This allows us to recursively protect one subtree (workload) from another
(system management), while letting subgroups compete freely among each
other - without having to assign fixed shares to each leaf, and without
nested groups having to echo higher-level settings.

The floating protection composes naturally with fixed protection.
Consider the following example tree:

		A            A: low = 2G
               / \          A1: low = 1G
              A1 A2         A2: low = 0G

As outside pressure is applied to this tree, A1 will enjoy a fixed
protection from A2 of 1G, but the remaining, unclaimed 1G from A is split
evenly among A1 and A2, coming out to 1.5G and 0.5G.

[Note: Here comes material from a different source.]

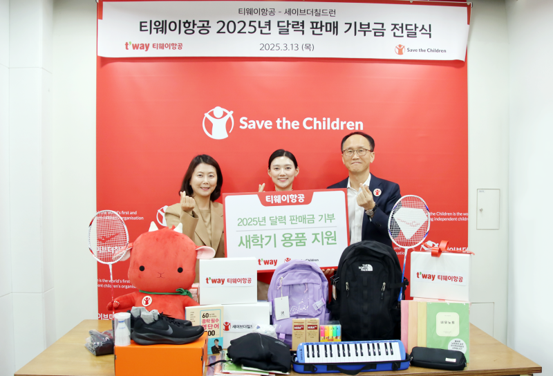 티웨이항공 2025년 달력 판매 기부금 전달식은 지난 13일 오후, 서울 마포구에 위치한 국제아동권리 NGO 세이브더칠드런 본부에서 진행됐다. 2025년 달력 판매금 전액은 국내 교육 사각지대 놓인 아동과 청소년을 위해 새학기 학용품과 생필품 의류 등 필요한 용품 지원 사업에 쓰일 예정이다.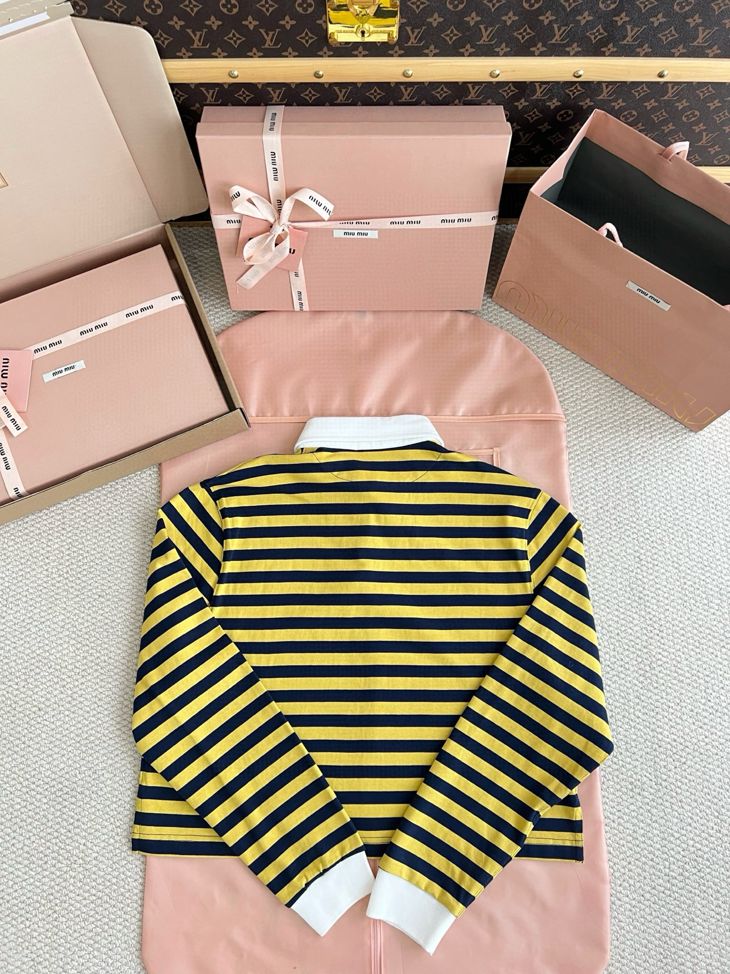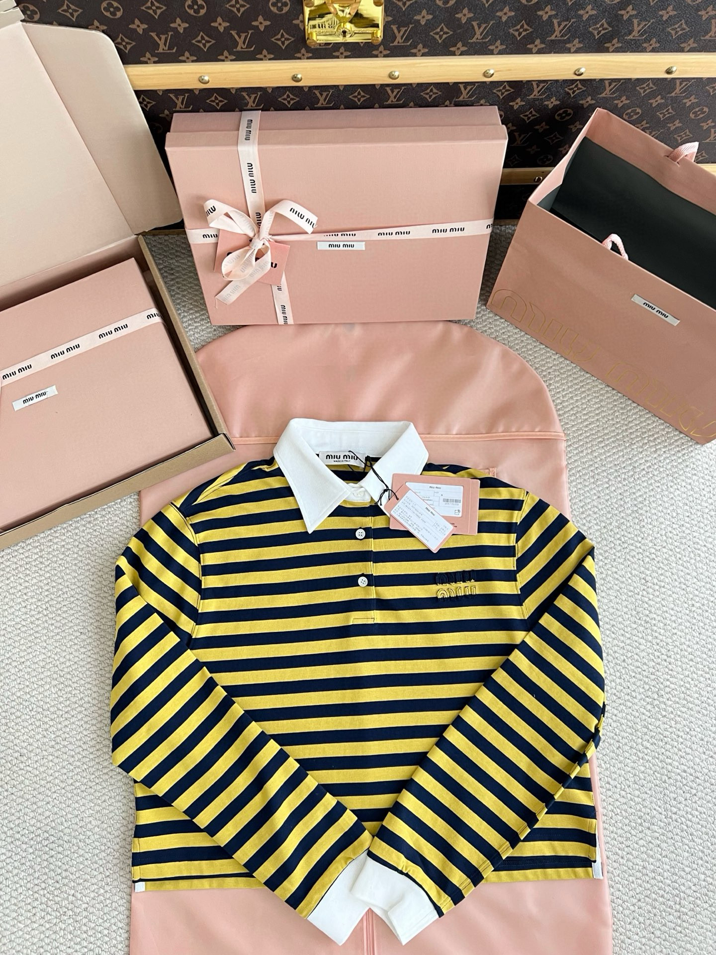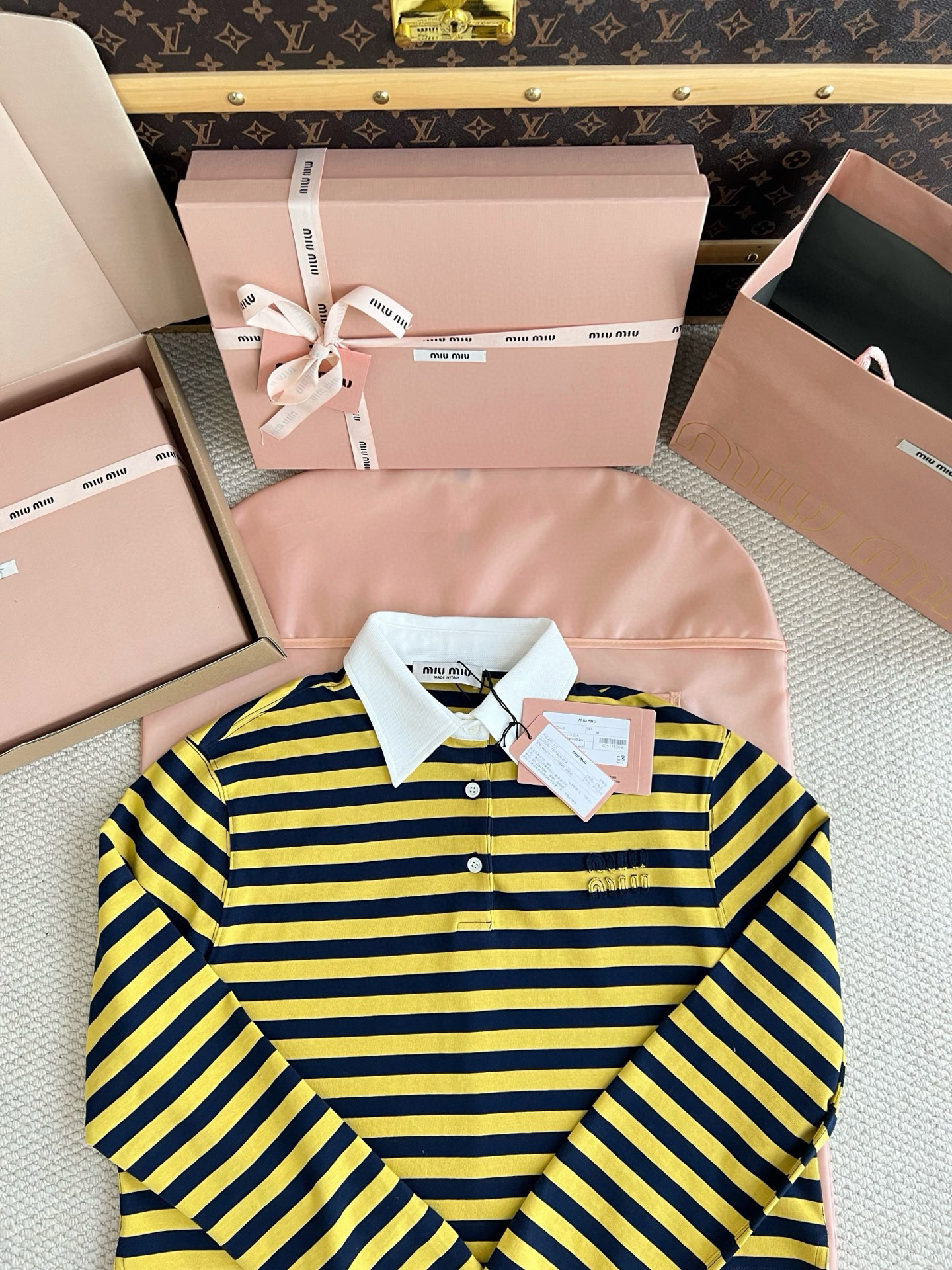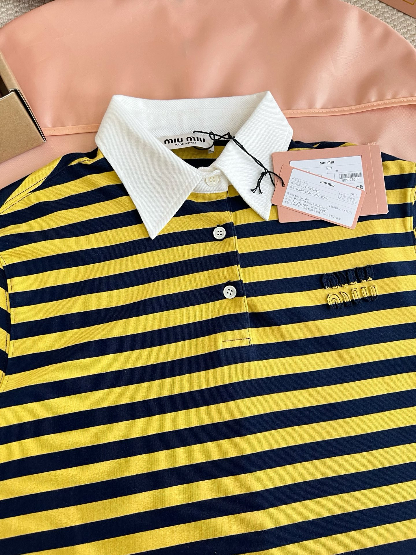Home / T-shirt / NIGO MiuMiu Women's Spring And Summer Fashion Trend Cotton Striped Embroidered Logo Long Flow Polo Shirt T-shirt Loose Casual Top #nigo81618

There is a slight risk of regressing theoretical setups where the
top-level cgroups don't know about the true budgeting and set bogusly high
"bypass" values that are meaningfully allocated down the tree.  Such
setups would rely on unclaimed protection to be discarded, and
distributing it would change the intended behavior.  Be safe and hide the
new behavior behind a mount option, 'memory_recursiveprot'.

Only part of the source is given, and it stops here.